> [DIRECTIONS] Starting at the line that contains "Le 9 mai 2026, le", reproduce only the lines through the end of the data, exactly, including both the first and the last; skip the pictures.

** GIVEN MATERIAL follows **

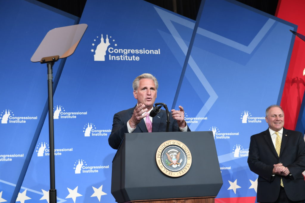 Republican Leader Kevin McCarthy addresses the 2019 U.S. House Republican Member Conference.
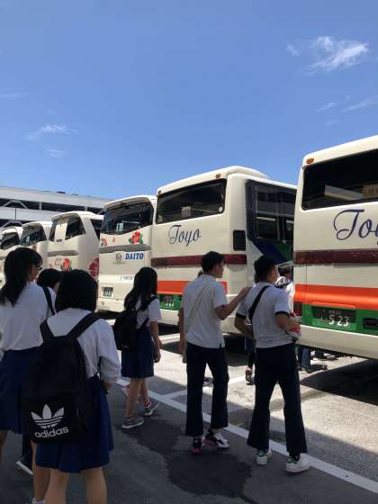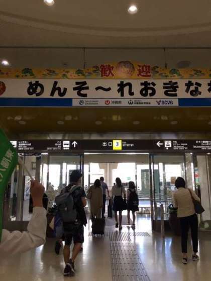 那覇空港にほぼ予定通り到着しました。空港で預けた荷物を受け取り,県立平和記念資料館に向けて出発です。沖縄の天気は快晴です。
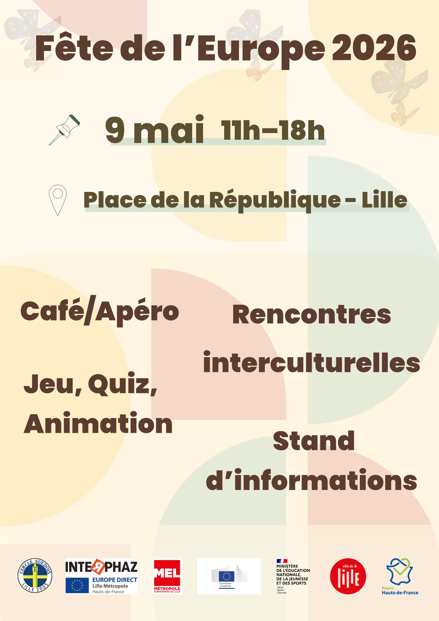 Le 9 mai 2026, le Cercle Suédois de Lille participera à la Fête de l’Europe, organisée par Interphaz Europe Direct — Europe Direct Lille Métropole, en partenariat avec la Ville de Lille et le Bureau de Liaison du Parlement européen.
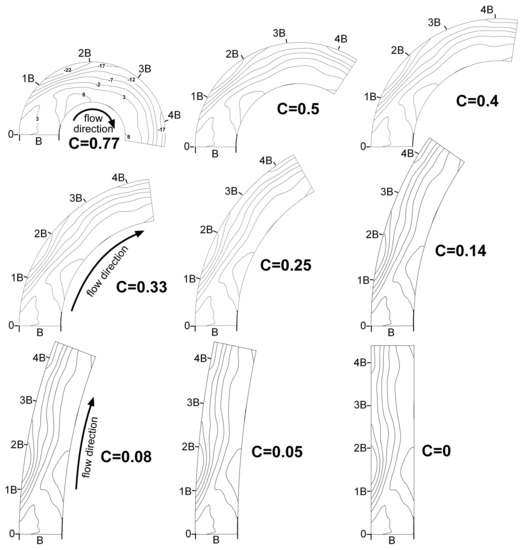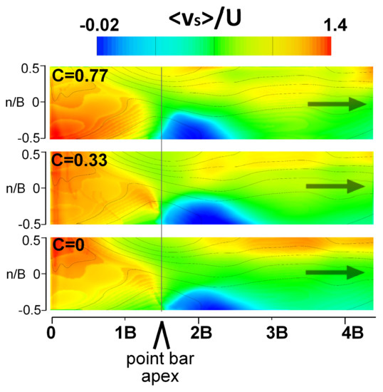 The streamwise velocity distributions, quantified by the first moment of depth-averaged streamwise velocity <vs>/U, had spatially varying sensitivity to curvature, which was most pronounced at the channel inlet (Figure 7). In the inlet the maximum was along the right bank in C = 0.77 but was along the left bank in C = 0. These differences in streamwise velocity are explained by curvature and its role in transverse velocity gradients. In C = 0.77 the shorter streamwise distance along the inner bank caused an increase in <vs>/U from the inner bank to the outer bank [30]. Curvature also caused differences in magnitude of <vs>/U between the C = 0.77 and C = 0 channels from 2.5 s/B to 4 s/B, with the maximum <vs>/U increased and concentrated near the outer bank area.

** End of GIVEN MATERIAL **

> [RESPONSE AREA]
 Le 9 mai 2026, le Cercle Suédois de Lille participera à la Fête de l’Europe, organisée par Interphaz Europe Direct — Europe Direct Lille Métropole, en partenariat avec la Ville de Lille et le Bureau de Liaison du Parlement européen.
 The streamwise velocity distributions, quantified by the first moment of depth-averaged streamwise velocity <vs>/U, had spatially varying sensitivity to curvature, which was most pronounced at the channel inlet (Figure 7). In the inlet the maximum was along the right bank in C = 0.77 but was along the left bank in C = 0. These differences in streamwise velocity are explained by curvature and its role in transverse velocity gradients. In C = 0.77 the shorter streamwise distance along the inner bank caused an increase in <vs>/U from the inner bank to the outer bank [30]. Curvature also caused differences in magnitude of <vs>/U between the C = 0.77 and C = 0 channels from 2.5 s/B to 4 s/B, with the maximum <vs>/U increased and concentrated near the outer bank area.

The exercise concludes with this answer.